Oil prices settled lower for a second straight session on Wednesday as investors digested US President Donald Trump’s deal to import up to $2 billion worth of Venezuelan crude, a move that would lift supplies to the world’s largest oil consumer.

Brent crude futures lost 74 cents or 1.2 per cent to close at $59.96 a barrel, while the US West Texas Intermediate (WTI) crude fell by $1.14 or 2 per cent to $55.99 a barrel.

Venezuela will be “turning over” between 30 million and 50 million barrels of “sanctioned oil” to the US, President Trump wrote in a social media post on Tuesday.

Reuters said the deal between US and Venezuela initially could require the rerouting of cargoes that were bound for China.

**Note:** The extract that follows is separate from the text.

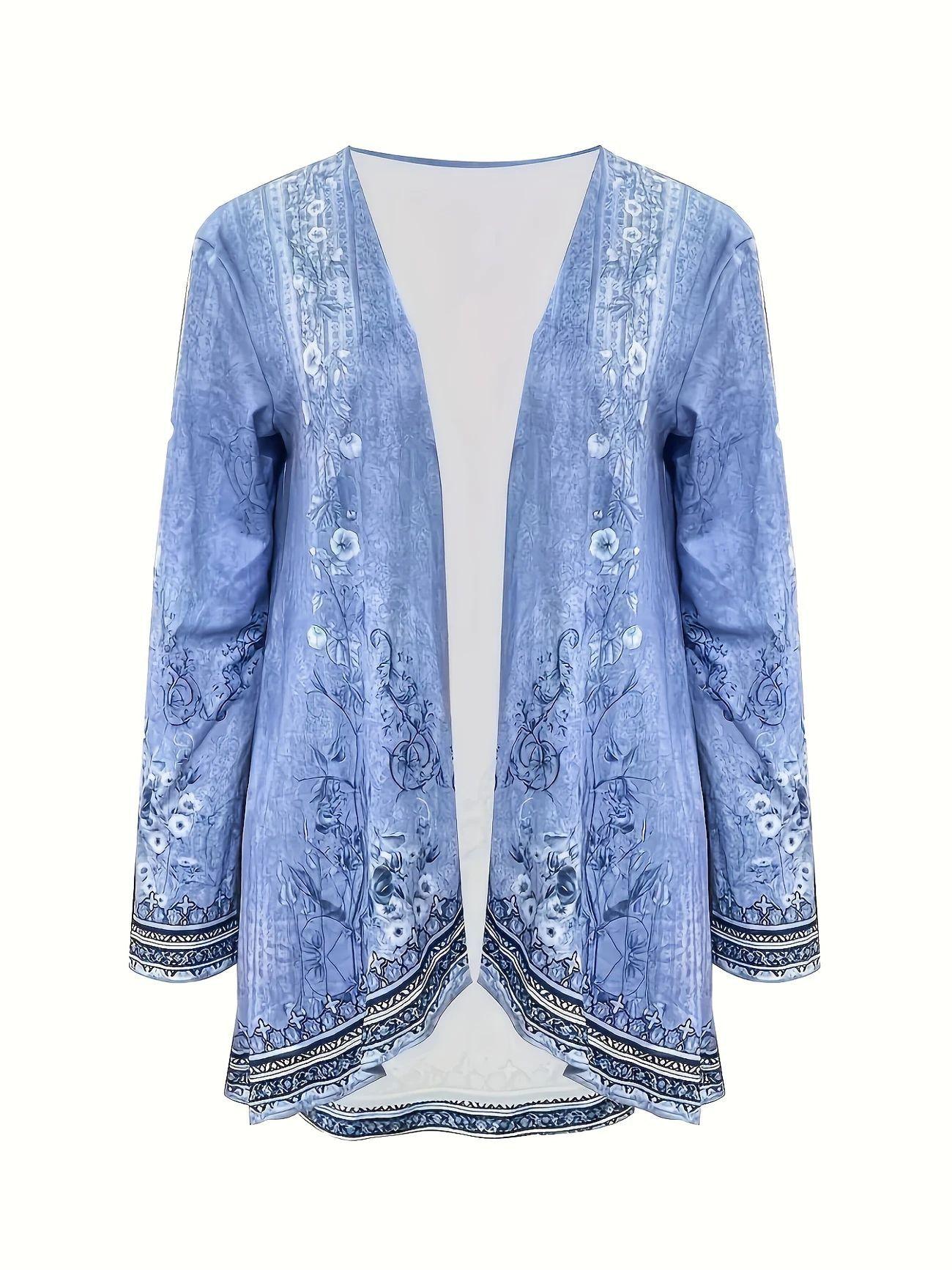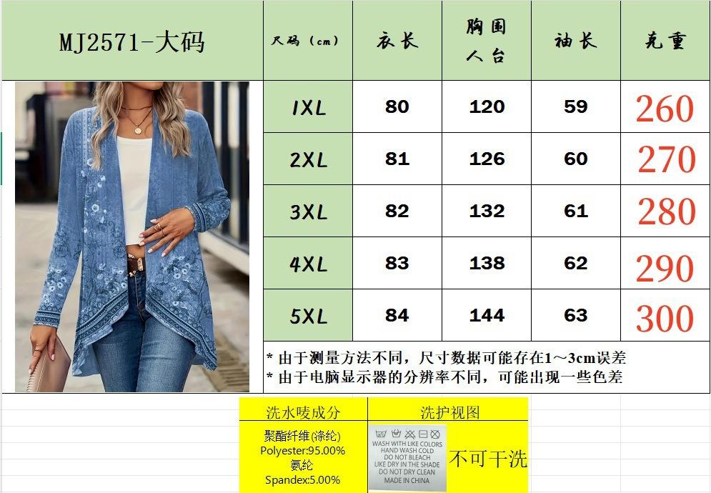 Cárdigan Europeo y Americano Transfronterizo de Otoño 2025 sin Botones Manga Larga Estampado de Flores de Plantas Capa para Mujer Cortavientos Talla Grande Ropa de Mujer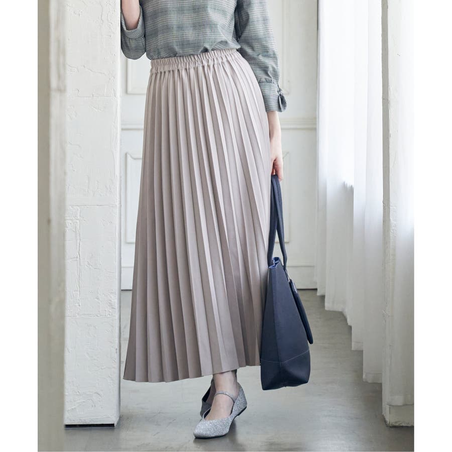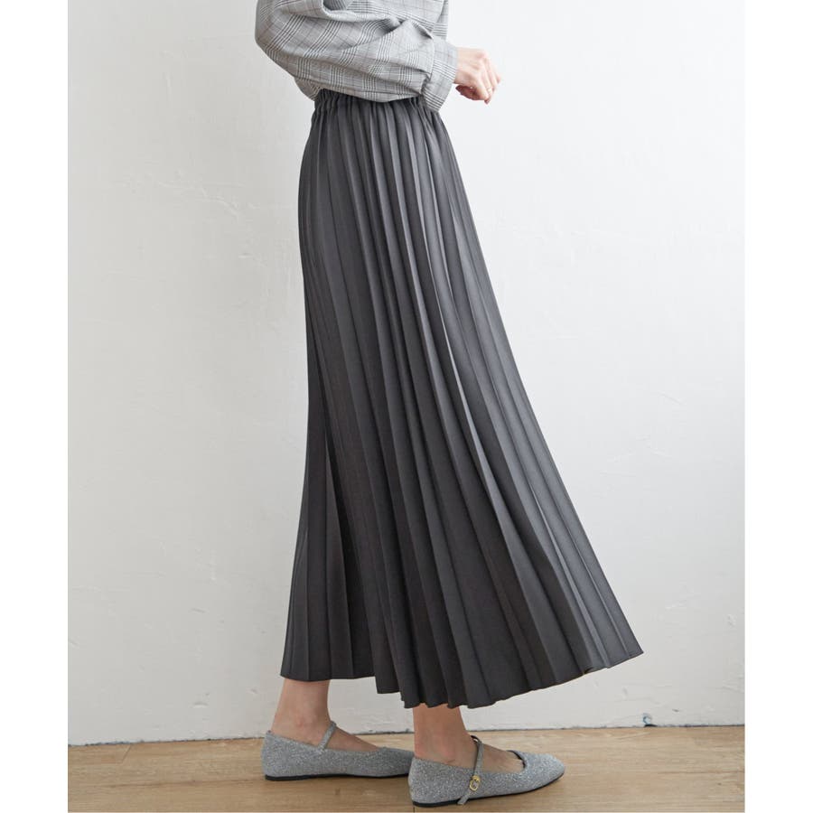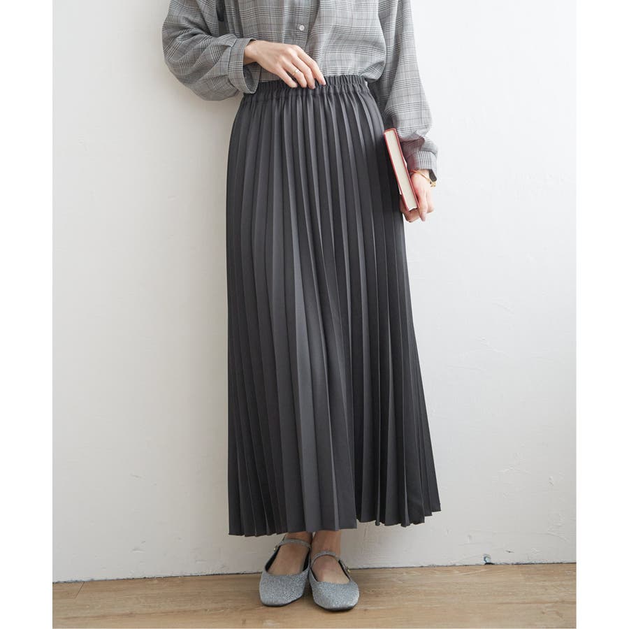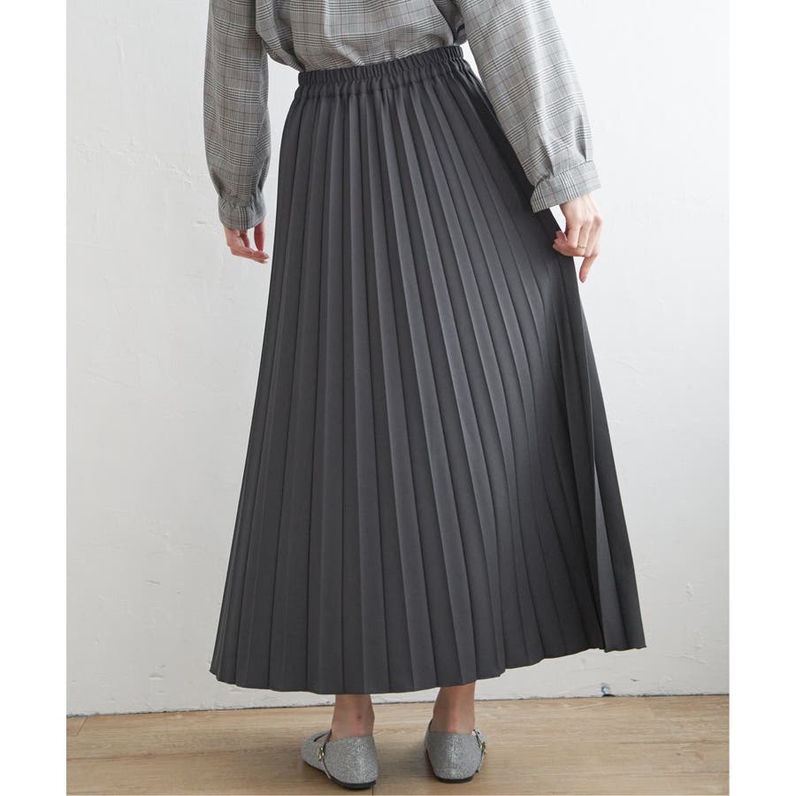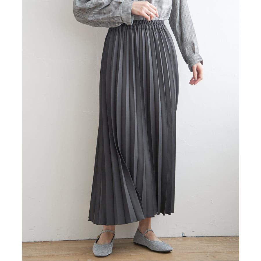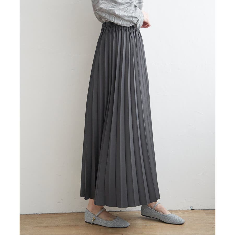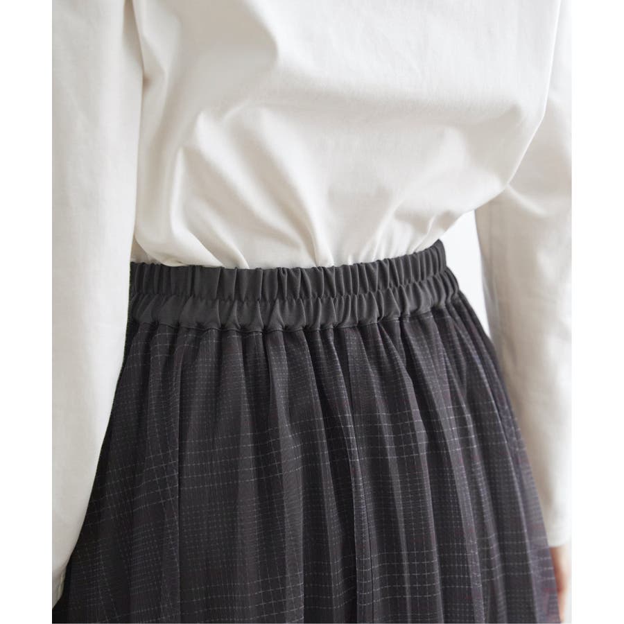 無地とシアーチェック、リバーシブルで着回せるプリーツスカート。

Venezuela has millions of barrels of oil loaded on tankers and in storage tanks that it has been unable to ship since mid-December due to a blockade on exports imposed by President Trump.

The blockade was part of a US pressure campaign against Venezuelan President Nicolas Maduro’s government that culminated in American forces capturing him over the weekend.

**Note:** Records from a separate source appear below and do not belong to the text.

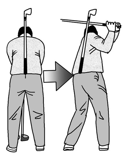 バックスイングは頭が右に動く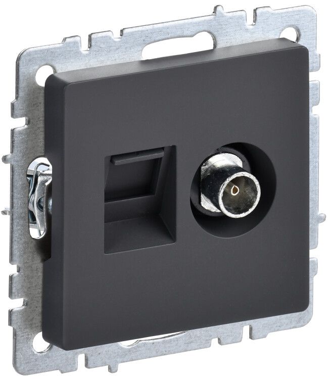 Розетка РТВ/РК12-БрГ графит предназначена для организации точек подключения телевизионного сигнала и локальной сети в одной установочной коробке. Подходит для квартир, домов, гостиниц, офисов и других объектов, где необходимо минимизировать количество отдельных розеток. Устройство позволяет подключить телевизор через коаксиальный кабель и компьютер или IPTV-приставку через Ethernet-кабель CAT5e.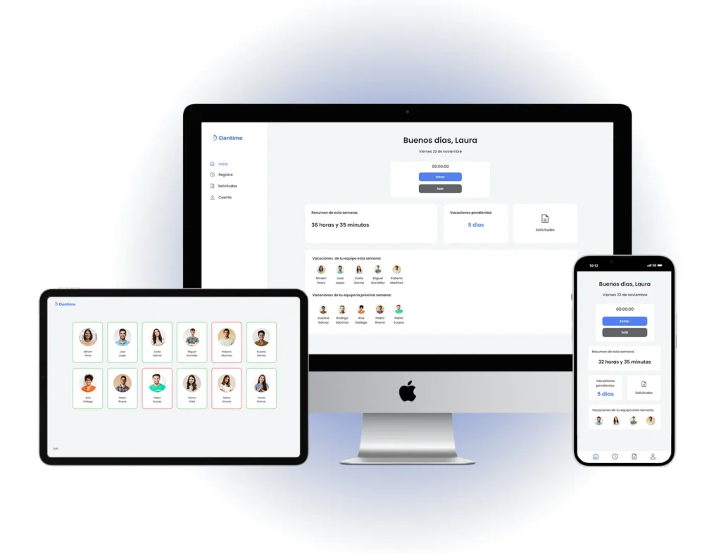 Con Dantime nuestro software de control de presencia, pueden fichar desde el móvil, desde tablet o desde el ordenador de la oficina. El programa está pensado y diseñado para todas las necesidades de las empresas, fiche desde cualquier lugar y en cualquier momento.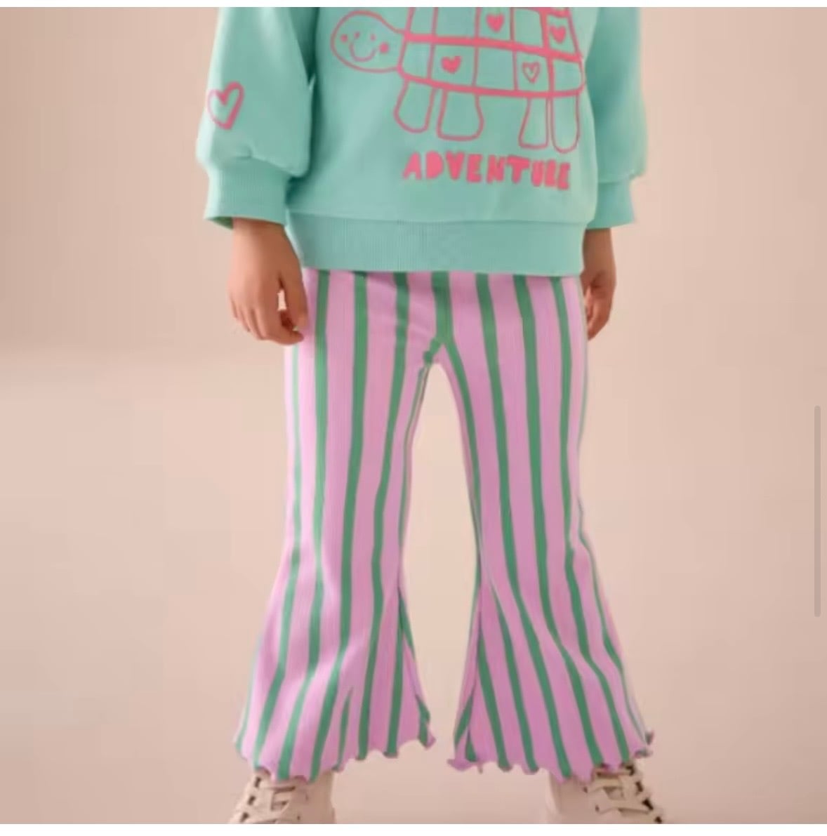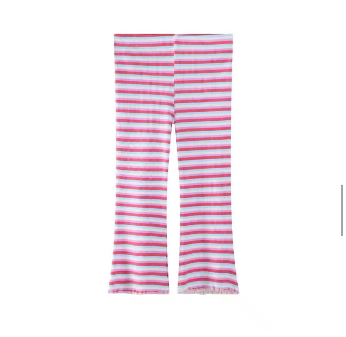 ボーダーとストライプの2パターンが楽しめるリブパンツです!裾のフリフリがとっても可愛くて、キュートなスタイルを引き立てます(。・ω・。)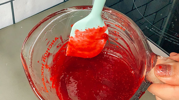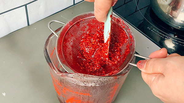 ラズベリーは種が口に残るし、細い口金に粒が詰まってもいけなので、ストレーナーで濾して...
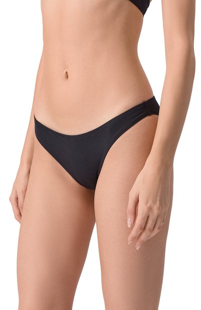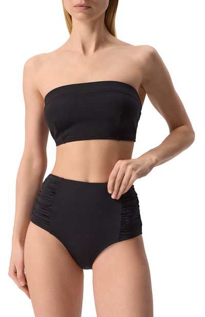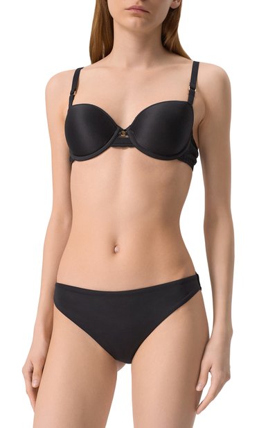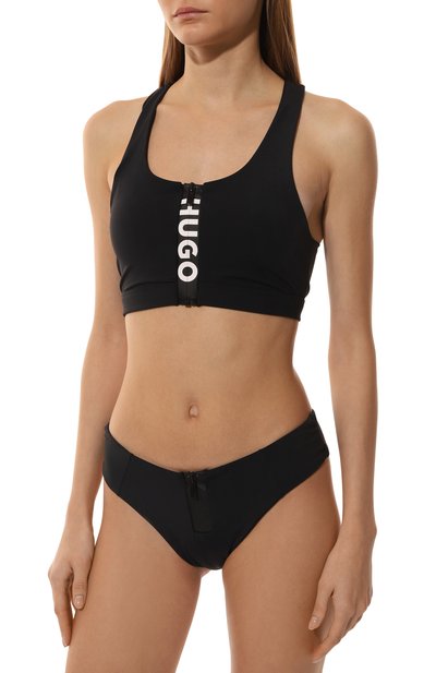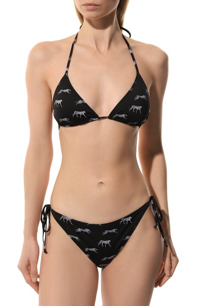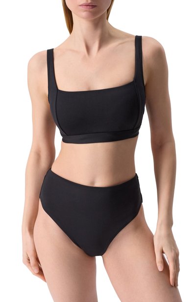 Для изготовления плавок-бикини использовали гладкий нейлон с добавлением эластана. Сзади модель украсили контрастным логотипом бренда.

The US also seized an empty Russian-flagged, Venezuela-linked oil tanker in the Atlantic Ocean on Wednesday.

The M/V Bella 1 vessel was seized for sanctions violations “pursuant to a warrant issued by a U.S. federal court” after being tracked by a US Coast Guard cutter. The operation concludes a weeks-long chase that began in late December when the tanker abruptly turned away from Venezuela and headed into the open Atlantic to evade a US quarantine.

Crude oil inventories in the US posted a sharp draw last week, even as gasoline (petrol) and distillate stockpiles recorded sizable builds, according to new data released Wednesday by the US Energy Information Administration (EIA).

The EIA reported that US crude stocks dropped by 3.8 million barrels to 419.1 million barrels in the week ended January 2.

US gasoline (petrol) stocks increased by 7.7 million barrels in the week, the EIA said, while distillate stockpiles, which include diesel and heating oil, climbed by 5.6 million barrels in the week versus expectations for a rise of 2.1 million barrels.

Morgan Stanley analysts estimated the oil market could reach a surplus of as many as 3 million barrels per day in the first half of 2026, based on weak growth in demand last year and rising supply.

The Organisation of the Petroleum Exporting Countries and allies (OPEC+) reiterated earlier this month to pause the planned unwinding of its voluntary cuts totaling 2.9 million barrels per day, keeping that volume off the market through the first half of the year.